Rhubarb is commonly available in the produce section of grocery stores. It is a perennial plant with large triangular shaped leaves.
Rhubarb has medicinal uses, but most commonly the plant’s stalks are cooked and used in pies, tarts and other foods for their tart flavor. It has been used as a supplement in traditional Chinese medicine and was also used in medieval Arabic and European prescriptions.
Rhubarb can be used as a strong laxative, with the roots being used as a laxative for at least 5,000 years. Rhubarb has an astringent effect on the mucous membranes of the mouth and the nasal cavity. These substances are cathartic and laxative, which explains the sporadic use of rhubarb as a slimming agent.

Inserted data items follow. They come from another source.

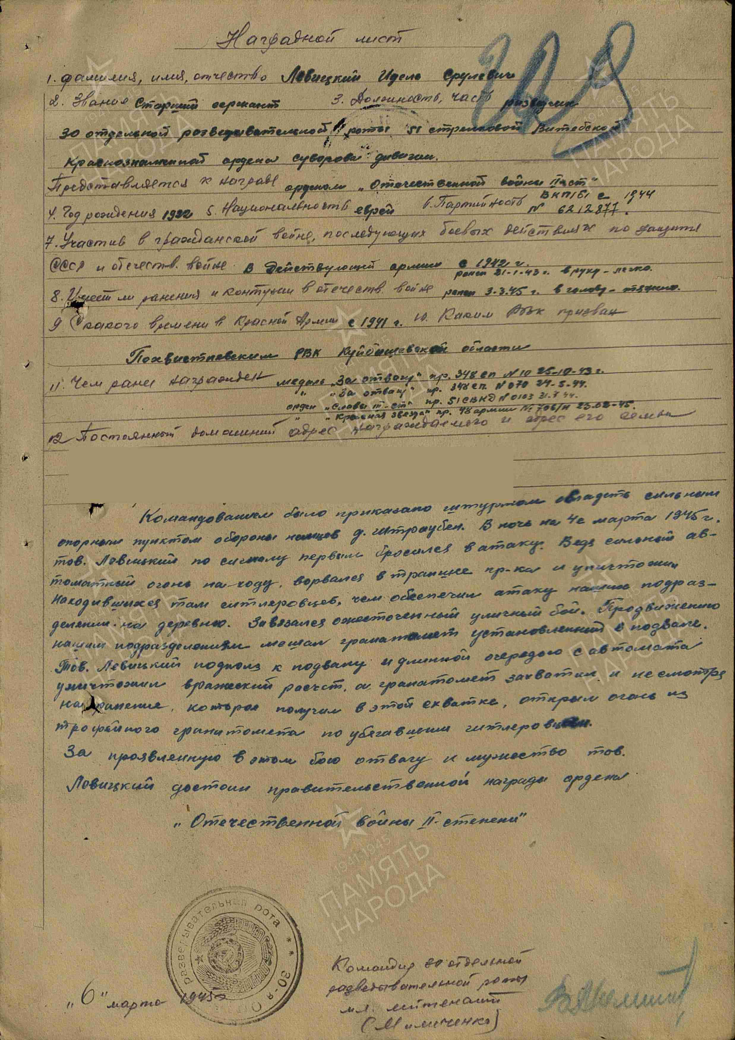 Левицкий Идель СрулевичДата рождения: 20.03.1922Место рождения: Украинская ССР, Измаильская обл., Измаильский р-н, г. ИзмаилДата поступления на службу: 01.11.1941Воинское звание: майор мед. сл.Наименование воинской части: 348 сп 51 сдДата окончания службы: __.11.1945Левицкий Идель СрулевичДата рождения: __.__.1922Место рождения: Украинская ССР, Измаильская обл., г. ИзмаилДата поступления на службу: __.__.1941Воинское звание: ст. сержантЛевицкий Идель СрулевичДокумент в юбилейной картотекеДата рождения: __.__.1922Место рождения: Украинская ССР, Одесская обл., г. ИзмаилНаименование награды: Орден Отечественной войны I степениНомер документа: 81Дата документа: 06.04.1985Автор документа: Министр обороны СССРПриложение:1. 51 стрелковая Витебская Краснознамённая ордена Суворова дивизия (ВИКИПЕДИЯ: https://clck.ru/UdzLH );2. Земландская группа войск (ВИКИПЕДИЯ: https://clck.ru/UdzbU ).
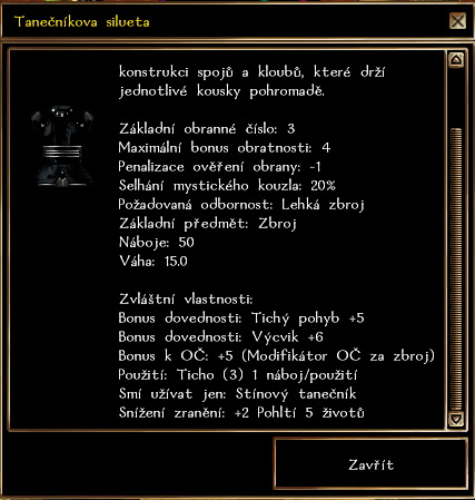 Po nasazení na postavičku bez výstroje přidává 6 bodů do obranného čísla ,
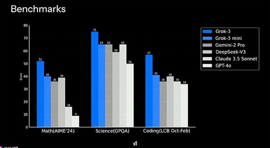 最新基准测试显示,grok-3在与deepseek的直接对比中展现出显著优势。
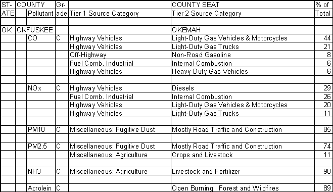 Okfuskee County, Oklahoma, give the percentage contributions from specific air pollution sources. The Okfuskee County Seat is Okemah, Oklahoma. |
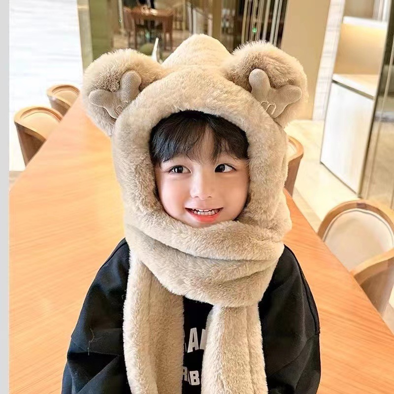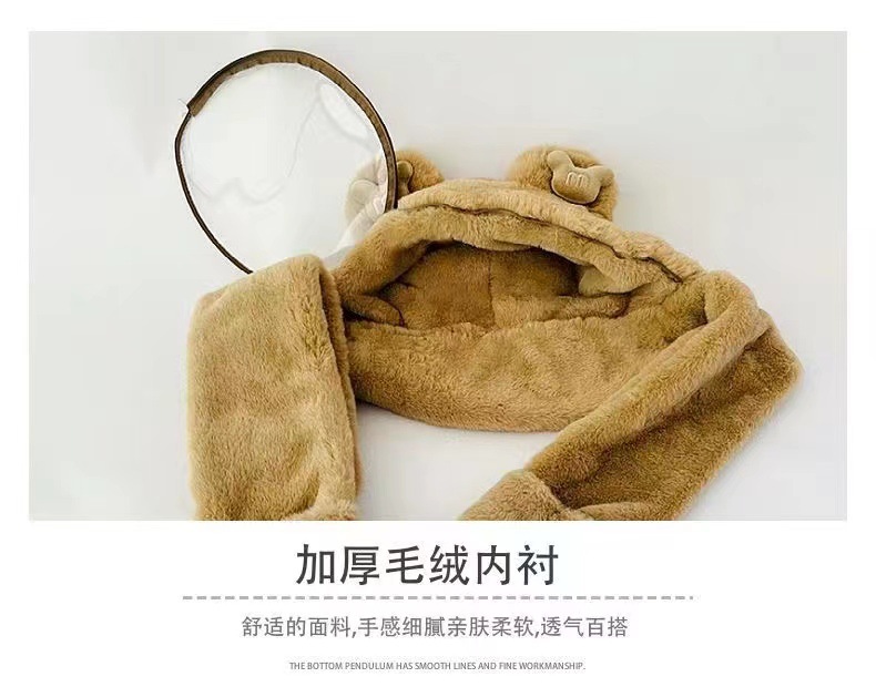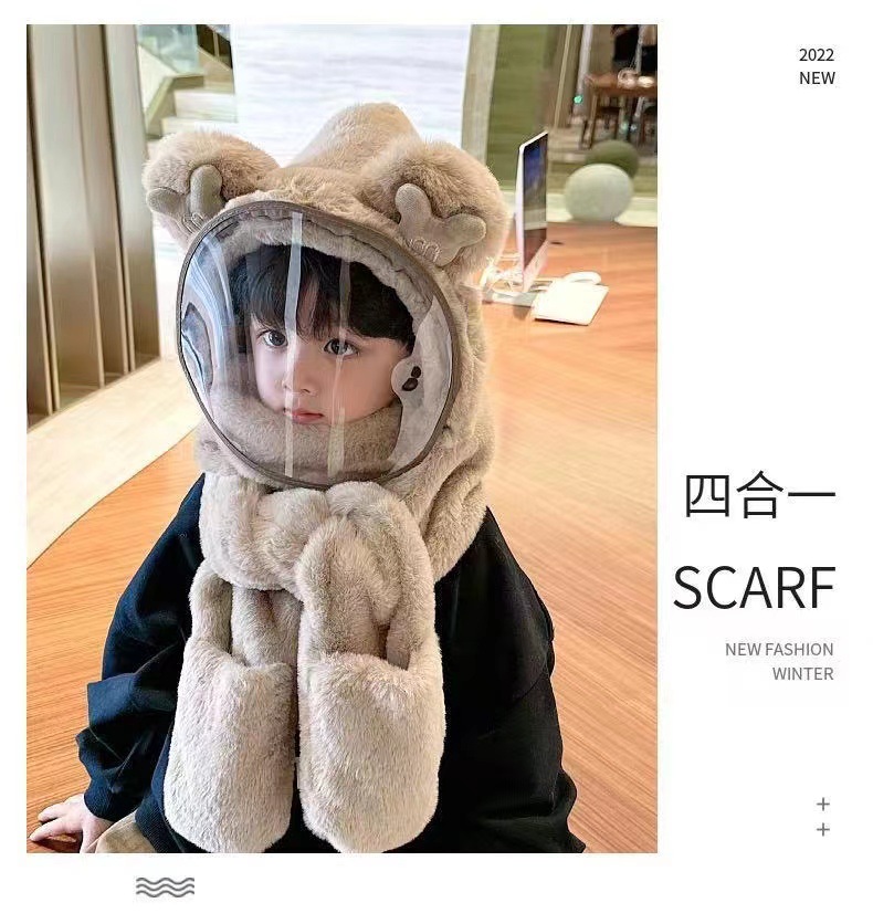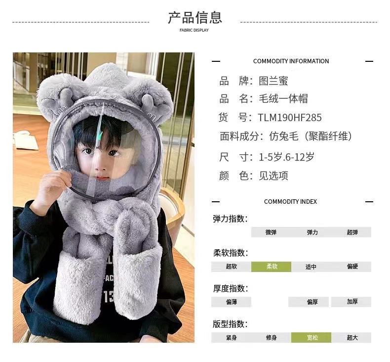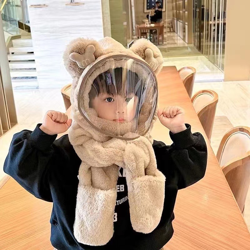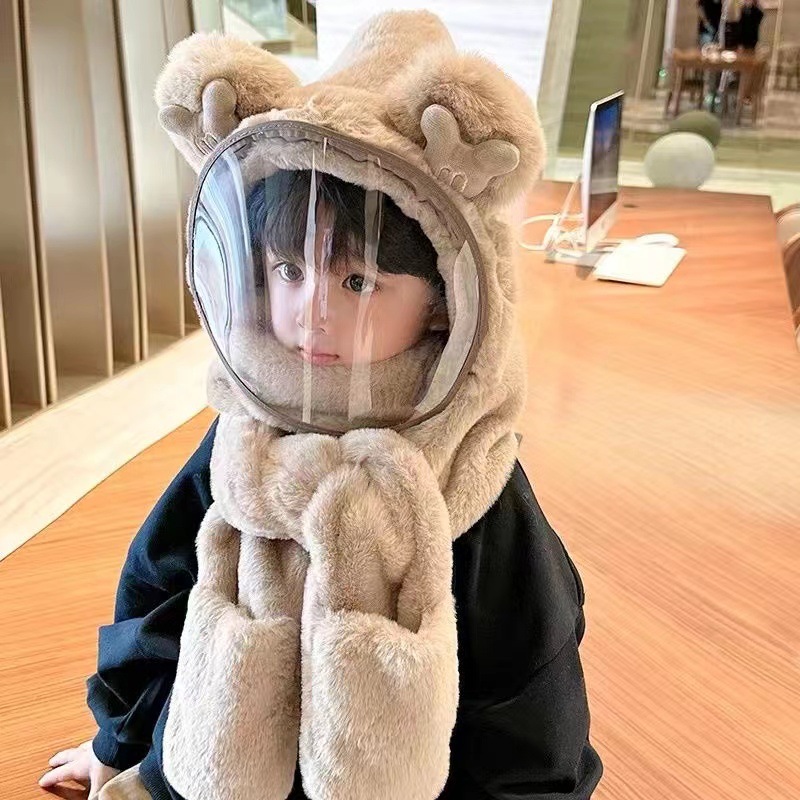 Детская шляпа Зимняя езда Тепловая плюшевая шляпа для мужчин и женщин Детская защитная маска для лица Детский шарф перчатки в одном шапке Ветрозащитный

In addition, rhubarb root is an essential ingredient in many old homemade ciders, wines and root beers. A strong decoction of Rhubarb root has a purgative action for use in the treatment of constipation, but also has an astringent effect following this. It therefore has a cleansing action upon the gut, removing debris and then astringing with antiseptic properties as well.
Studies have shown that rhubarb may improve bowel movement, regulating the frequency and passage of hard, dry stools. Most Rhubarb supplements use extracts from the rhizome and root of Rheum palmatum plants which are cultivated and harvested in late autumn or early spring according to traditional Chinese methods.